_WHAT YOU HAVE TO DO_
Retype each line of the material below word for word; pictures stay out.
== DATA BELOW
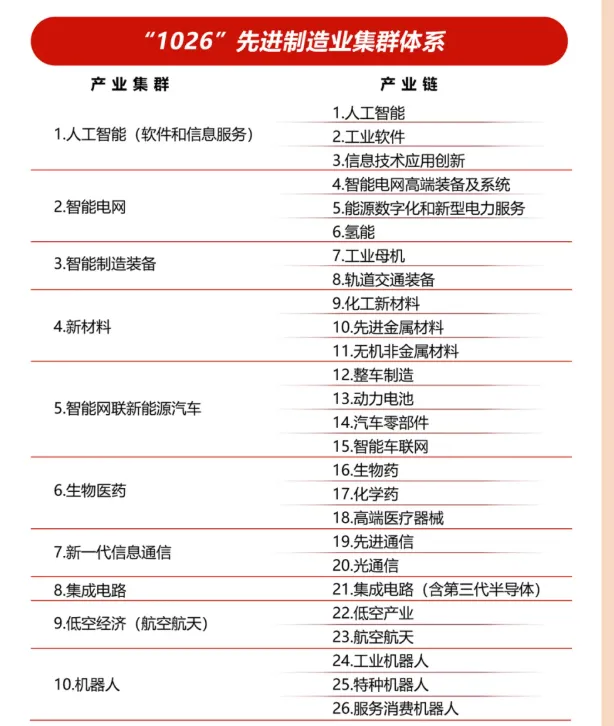 核心体系:10大新兴产业集群 + 26条重点产业链。
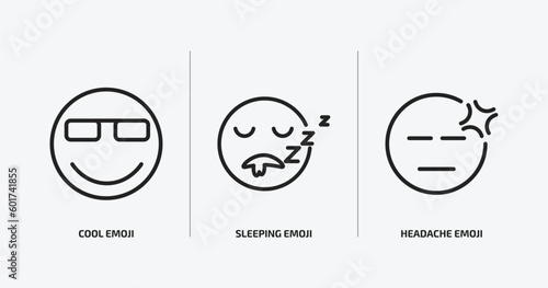 Naklejka premium emoji outline icons set. emoji icons such as cool emoji, sleeping headache vector. can be used web and mobile.
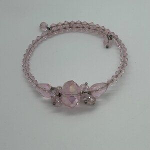 Adjustable Retro Pink Bracelet Glass Beads On Memory Wire Prom Quinceañera
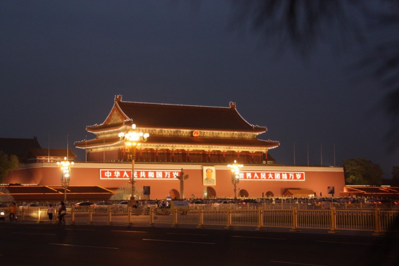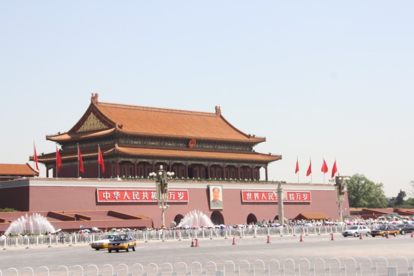 On y accède donc par la place Tian’anmen, en passant la « porte de la paix céleste » (laquelle possède un balcon, du haut duquel Mao a « proclamé la République Populaire de Chine, le 1er octobre 1949 »).
====
_ANSWER TO THE PROBLEM_
 核心体系:10大新兴产业集群 + 26条重点产业链。
 Naklejka premium emoji outline icons set. emoji icons such as cool emoji, sleeping headache vector. can be used web and mobile.
 Adjustable Retro Pink Bracelet Glass Beads On Memory Wire Prom Quinceañera
 On y accède donc par la place Tian’anmen, en passant la « porte de la paix céleste » (laquelle possède un balcon, du haut duquel Mao a « proclamé la République Populaire de Chine, le 1er octobre 1949 »).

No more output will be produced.